[SOURCE MATERIAL]:

Segment Open

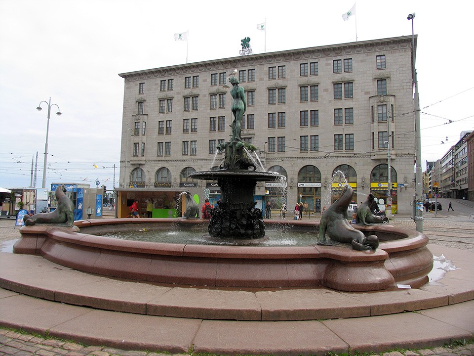 阿曼达铜像(Havis Amanda)铜像位于芬兰赫尔辛基露天市场的花市旁,是一座少女阿曼达青铜塑像,被四头海狮环绕在喷泉之中。她面向大海,左手托腮,静静地凝视着芬兰湾。这座被人们誉为“波罗的海的女儿”铜像建于本世纪初,已经成为赫尔辛基市的象征之一。
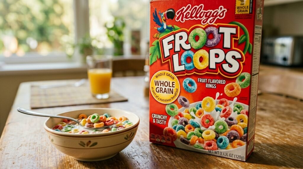Kellogg’s receives the ‘Whole Grain’ label for its sweet Froot Loops cereal products and the product contains a minor quantity of whole grain but it gets hidden under artificial colors and high-fructose corn syrup which make up most of its product composition.
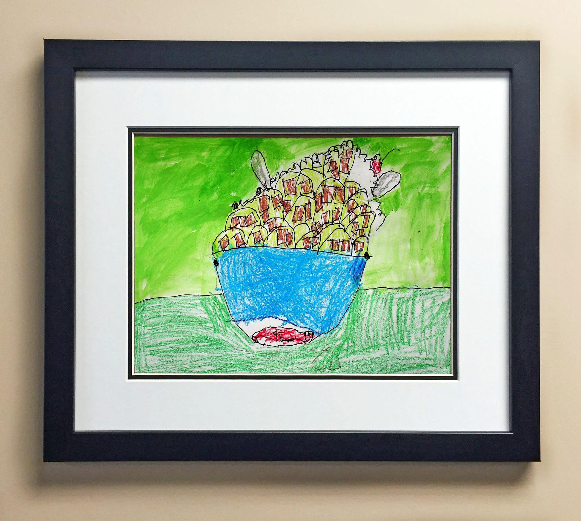 Included with the purchase is the Students Artwork, Frame, double matboard, shatter proof plexiglass, and a ready to hang backerboard with turnbuttons
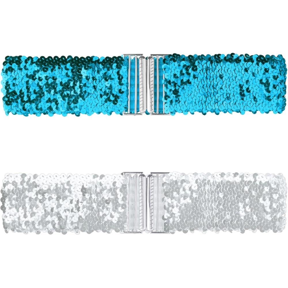 imageAllegra K Womens Glitter Wide Waist Belts Interlock Buckles Sequins Decor Stretchy Belts 2PCSBlue

Segment Closed

[ACTION ITEM]:
Beginning with the line that contains "Kellogg’s receives the", output each line of the material above through the last one exactly as it stands. Do not include the pictures.

[ANSWER AREA]:
Kellogg’s receives the ‘Whole Grain’ label for its sweet Froot Loops cereal products and the product contains a minor quantity of whole grain but it gets hidden under artificial colors and high-fructose corn syrup which make up most of its product composition.
 Included with the purchase is the Students Artwork, Frame, double matboard, shatter proof plexiglass, and a ready to hang backerboard with turnbuttons
 imageAllegra K Womens Glitter Wide Waist Belts Interlock Buckles Sequins Decor Stretchy Belts 2PCSBlue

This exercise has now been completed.